### Assignment
The goal here is an exact copy of the entries below, without their pictures.

### Records from a data collection

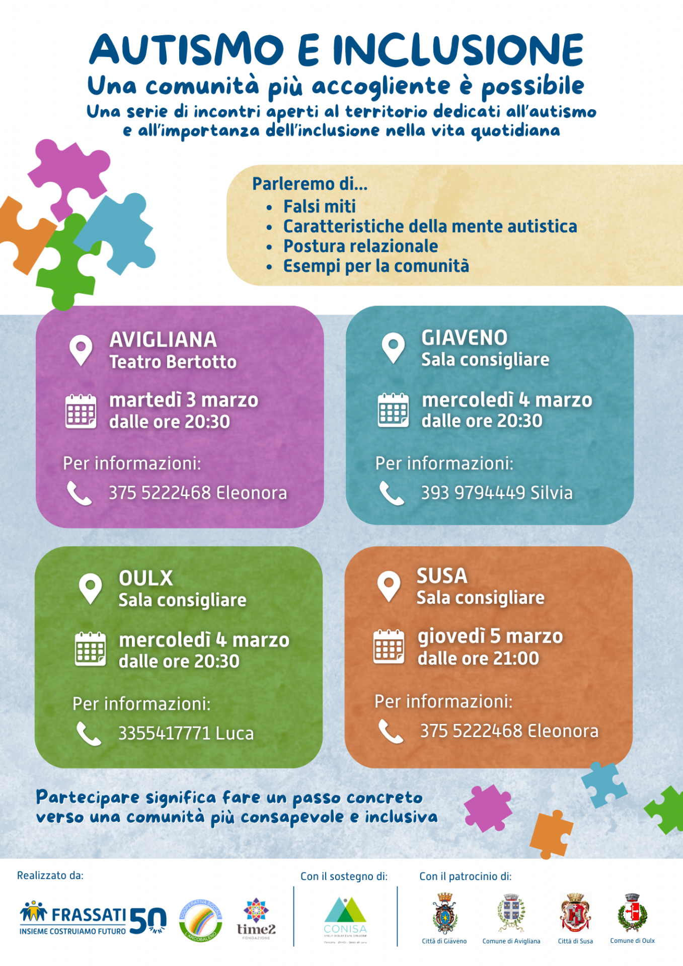 The P.G. Frassati Social Cooperative, together with the Time2 Foundation, is organizing a series of meetings open to the local community dedicated to autism and the importance of inclusion in everyday life. The meetings will address:
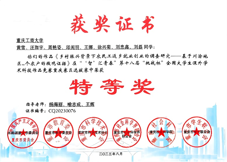 我院《乡村振兴背景下返乡农民工就业与创业的调查研究》课题组的调研报告通过层层角逐,最终获得重庆赛区特等奖。该课题聚焦于农民工就业与创业现状,探索新时代下适合农民工自身发展的新途径,从而助力乡村经济发展。目前已进行了三期调研,通过不断走访调查、搜集数据,构成了一个完全由第一手资料汇集而成的数据库作为统计大样本。在研究过程中,该课题组积极关注农民工返乡创业的实际案例,探索适合当地的就业和创业模式,为政府相关政策的实施和农民工返乡就业和创业提供了理论和实践支撑,助力乡村振兴新篇章。
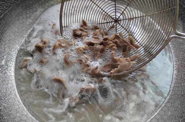 第五步:把洗幹凈的雞胗,切成薄片,冷水入鍋,加入剩餘的料酒,大火煮開後,撇掉浮沫,再煮1分鐘。
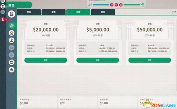 需要注意的是在财务页面,我们还可以贷款或者给动物园作宣传广告等。
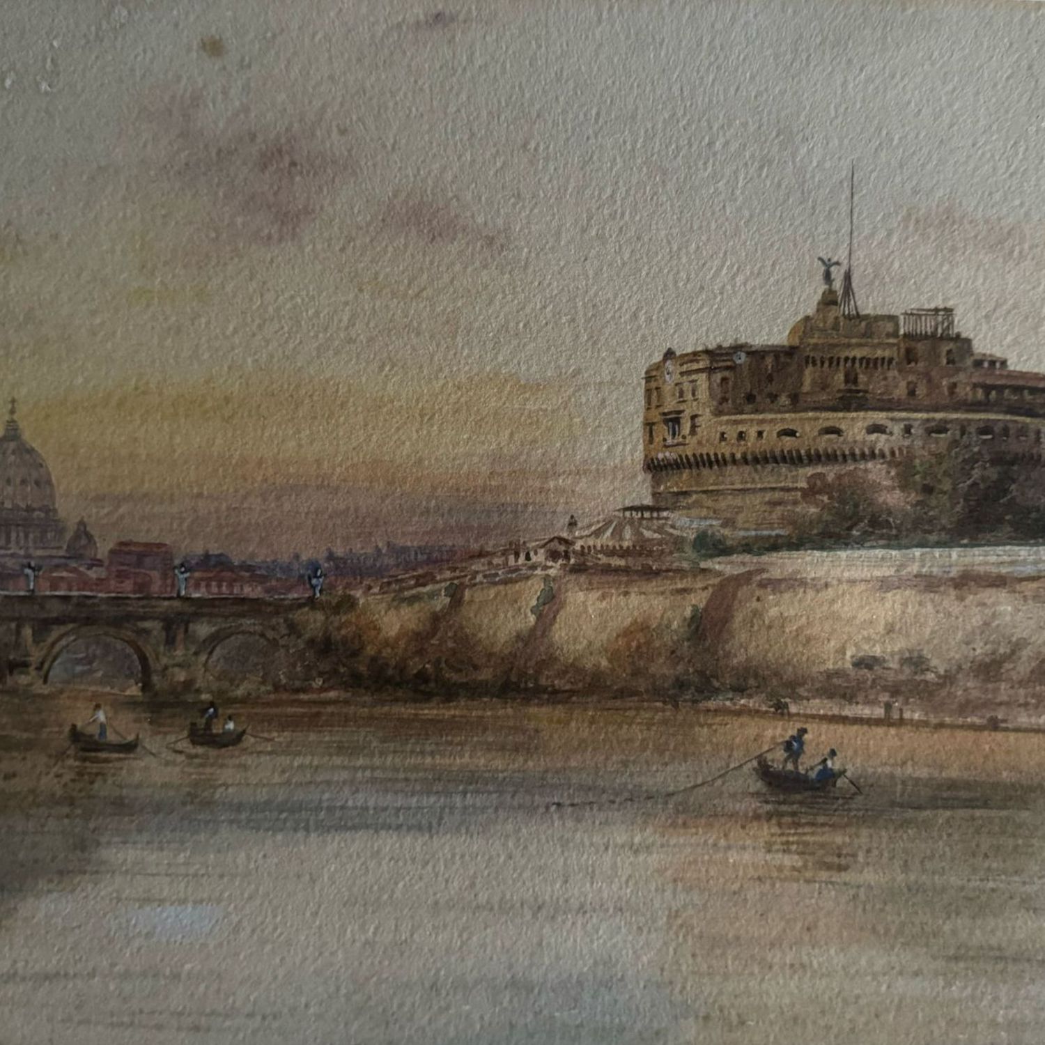 Dipinto acquerello su carta, periodo XX secolo scuola Italiana, raffigurante Roma.

### Written reply
 The P.G. Frassati Social Cooperative, together with the Time2 Foundation, is organizing a series of meetings open to the local community dedicated to autism and the importance of inclusion in everyday life. The meetings will address:
 我院《乡村振兴背景下返乡农民工就业与创业的调查研究》课题组的调研报告通过层层角逐,最终获得重庆赛区特等奖。该课题聚焦于农民工就业与创业现状,探索新时代下适合农民工自身发展的新途径,从而助力乡村经济发展。目前已进行了三期调研,通过不断走访调查、搜集数据,构成了一个完全由第一手资料汇集而成的数据库作为统计大样本。在研究过程中,该课题组积极关注农民工返乡创业的实际案例,探索适合当地的就业和创业模式,为政府相关政策的实施和农民工返乡就业和创业提供了理论和实践支撑,助力乡村振兴新篇章。
 第五步:把洗幹凈的雞胗,切成薄片,冷水入鍋,加入剩餘的料酒,大火煮開後,撇掉浮沫,再煮1分鐘。
 需要注意的是在财务页面,我们还可以贷款或者给动物园作宣传广告等。
 Dipinto acquerello su carta, periodo XX secolo scuola Italiana, raffigurante Roma.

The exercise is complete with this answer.